About this exercise: Below are records with pictures. Transcribe exactly, and only, the lines from the line with "Сетку можно делать" to the line with "Піжама жіноча штани", both ends included, but not the pictures.

Data supplied:
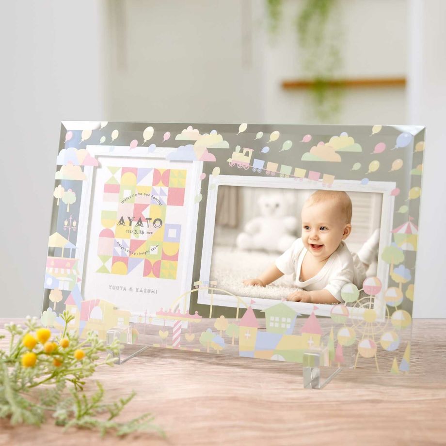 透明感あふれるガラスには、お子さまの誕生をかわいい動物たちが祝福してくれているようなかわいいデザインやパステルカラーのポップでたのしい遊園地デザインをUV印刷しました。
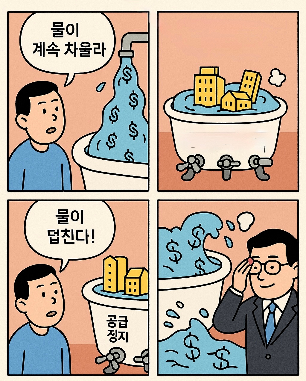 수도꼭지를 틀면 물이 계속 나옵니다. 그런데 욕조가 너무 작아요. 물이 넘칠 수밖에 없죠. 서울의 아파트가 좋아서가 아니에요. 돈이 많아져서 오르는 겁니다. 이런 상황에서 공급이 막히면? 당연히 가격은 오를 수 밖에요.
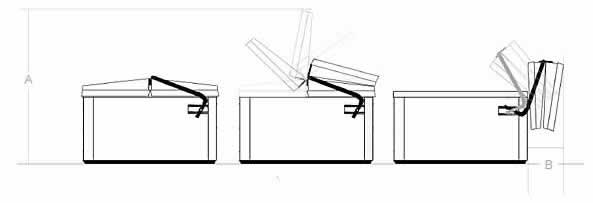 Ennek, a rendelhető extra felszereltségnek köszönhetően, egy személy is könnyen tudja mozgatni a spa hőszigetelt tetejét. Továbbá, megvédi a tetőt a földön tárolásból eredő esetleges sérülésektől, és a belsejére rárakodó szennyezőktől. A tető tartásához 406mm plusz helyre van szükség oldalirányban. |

==

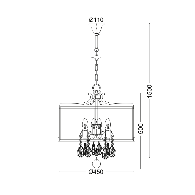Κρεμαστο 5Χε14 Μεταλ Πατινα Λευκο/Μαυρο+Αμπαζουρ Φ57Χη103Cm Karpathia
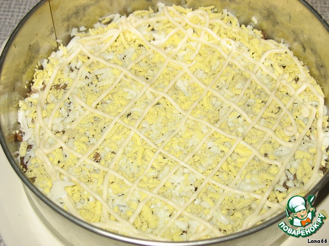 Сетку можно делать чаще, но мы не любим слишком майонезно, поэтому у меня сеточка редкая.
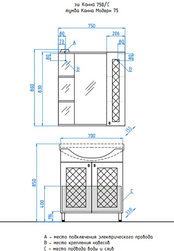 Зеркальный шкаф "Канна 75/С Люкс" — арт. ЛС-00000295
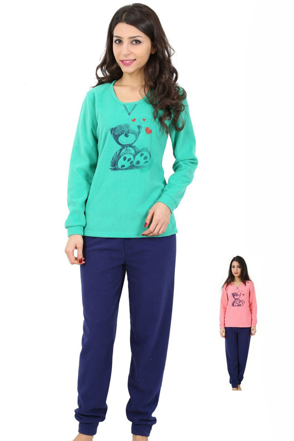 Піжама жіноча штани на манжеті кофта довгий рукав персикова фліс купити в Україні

Output below:
 Сетку можно делать чаще, но мы не любим слишком майонезно, поэтому у меня сеточка редкая.
 Зеркальный шкаф "Канна 75/С Люкс" — арт. ЛС-00000295
 Піжама жіноча штани на манжеті кофта довгий рукав персикова фліс купити в Україні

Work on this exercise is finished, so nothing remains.